Such a text, thus independently formed, and yet thus in harmony with the
results of the most tested critical researches of our times, has surely
great claims on our unreserved acceptance, and does justify us in
strongly pleading that a version of such a text, if faithfully executed,
should, for the very truth's sake, be publicly read in our Churches.

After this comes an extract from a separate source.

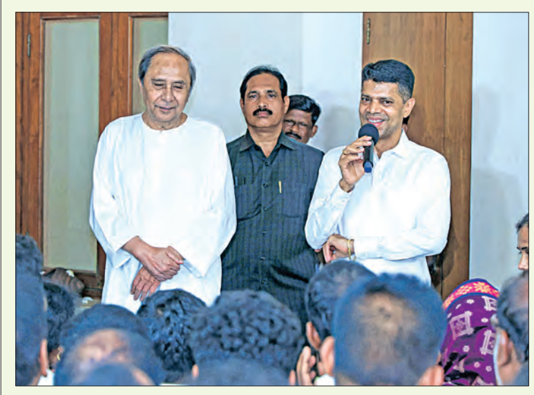
ନବୀନ ନିବାସରେ ମୁଖ୍ୟମନ୍ତ୍ରୀ ନବୀନ ପଟ୍ଟନାୟକଙ୍କୁ ଭେଟି କୃତଜ୍ଞତା ଜଣାଉଛନ୍ତି ହିଝାଳି ଓ ଆସ୍କା ନିର୍ବାଚନମଣ୍ଡଳୀର ଜନସାଧାରଣ ଓ ନେତୃତ୍ୱ

ଅନେକ ବିଜେପି କର୍ମୀ ଦଳ ପକ୍ଷରୁ ଘୋଷିତ ପ୍ରାର୍ଥୀଙ୍କ ବିରୋଧରେ ଆଜି ରାଜ୍ୟ କାର୍ଯ୍ୟାଳୟରେ ମେଳି ହୋଇଛି। ଅପରପକ୍ଷେ ଆଜି ଅନେକ ନେତା ଦଳ ନିଷ୍ଠାରେ ଅସନ୍ତୋଷ ପ୍ରକାଶ କରି ଦଳ ଛାଡ଼ିଛନ୍ତି।

That the Revised Version has been faithfully executed, will I hope be
shown fully and clearly in the succeeding chapter.  For the present my
care has been to show that the text of which it is a version, and which I
have called the Revisers' Text because it underlies their revision, and,
as such, has been published by the Oxford University Press, is in my
judgement the best balanced text that has appeared in this country.  I
have mentioned with it (p. 63) the closely similar text of the well-known
Professor Nestle, but as I have not gone through the laborious task of
comparing the text, verse by verse, with that of the Revisers, I speak
only in reference to our own country.  I have compared the two texts in
several crucial and important passages--such for example as St. John i.
18--and have found them identical.  Bishop Westcott, I know, a short time
before his lamented death, expressed to the Committee of the Bible
Society his distinct approval of their adopting for future copies of the
Society's Greek Testament Professor Nestle's text, as published by the
Wurtemberg Bible Society.

I have now, I trust, fairly shown the independence of the Revisers' Text,
and have, not without reason, complained of my friend Provost Salmon's
estimate of its dependence on the text and earnestly exerted influence of
Dr. Hort and Dr. Westcott.  Of course, as I have shown, there is, and
must be, much that is identical in the two texts; but, to fall back on
statistics, there are, I believe, more than two hundred places in which
the two texts differ, and in nearly all of them--if I may venture to
express my own personal opinion--the reading of the Revisers' Text is
critically to be preferred.  Most of these two hundred places seem to be
precisely places in which the principles adopted by Westcott and Hort
need some corrective modifications.  Greatly as I reverence the unwearied
patience, the exhaustive research, and the critical sagacity of these two
eminent, and now lamented, members of our former Company, I yet cannot
resist the conviction that Dr. Salmon in his interesting Criticism of the
Text of the New Testament has successfully indicated three or more
particulars which must cause some arrest in our final judgement on the
text of Westcott and Hort.

In the first case it cannot be denied that, in the introductory volume,
Dr. Hort has shown too distinct a tendency to elevate probable hypotheses
into the realm of established facts.  Dr. Salmon specifies one, and that
a very far-reaching instance, in which, in the debatable question whether
there really was an authoritative revision of the so-called Syrian text
at about A.D. 350, Dr. Hort speaks of this Syrian revision as a _vera
causa_, as opposed to a hypothetical possibility.  This tendency in a
subject so complicated as that of textual criticism must be taken note of
by the student, and must introduce some element of hesitation in the
acceptance of confidently expressed decisions when the subject-matter may
still be very plainly debatable.

In the second place, in the really important matter of the nomenclature
of the ancient types of text which, since the days of Griesbach, and to
some extent before him, have been recognized by all critical scholars, it
does not seem possible to accept the titles of the fourfold division of
these families of manuscripts which have been adopted by Westcott and
Hort.  Griesbach, as is well known, adopted the terms Western,
Alexandrian, and Constantinopolitan, for which there is much to be said.
Westcott and Hort recognize four groups.  To the first and considerably
the largest they give the title of Syrian, answering to some extent to
the Constantinopolitan of Griesbach; to the second they continue the
title of Western; to the third they give the title of Alexandrian, though
of a numerically more restricted character than the Alexandrian of
Griesbach; to the fourth, an exceedingly small group, apparently
consisting of practically not more than two members, they give the title
of Neutral, as being free alike from Syrian, Western, and Alexandrian
characteristics.  On this Neutral family or group Westcott and Hort lay
the greatest critical stress, and in it they place the greatest reliance.
Such is their distribution, and such the names they give to the families
into which manuscripts are to be divided and grouped.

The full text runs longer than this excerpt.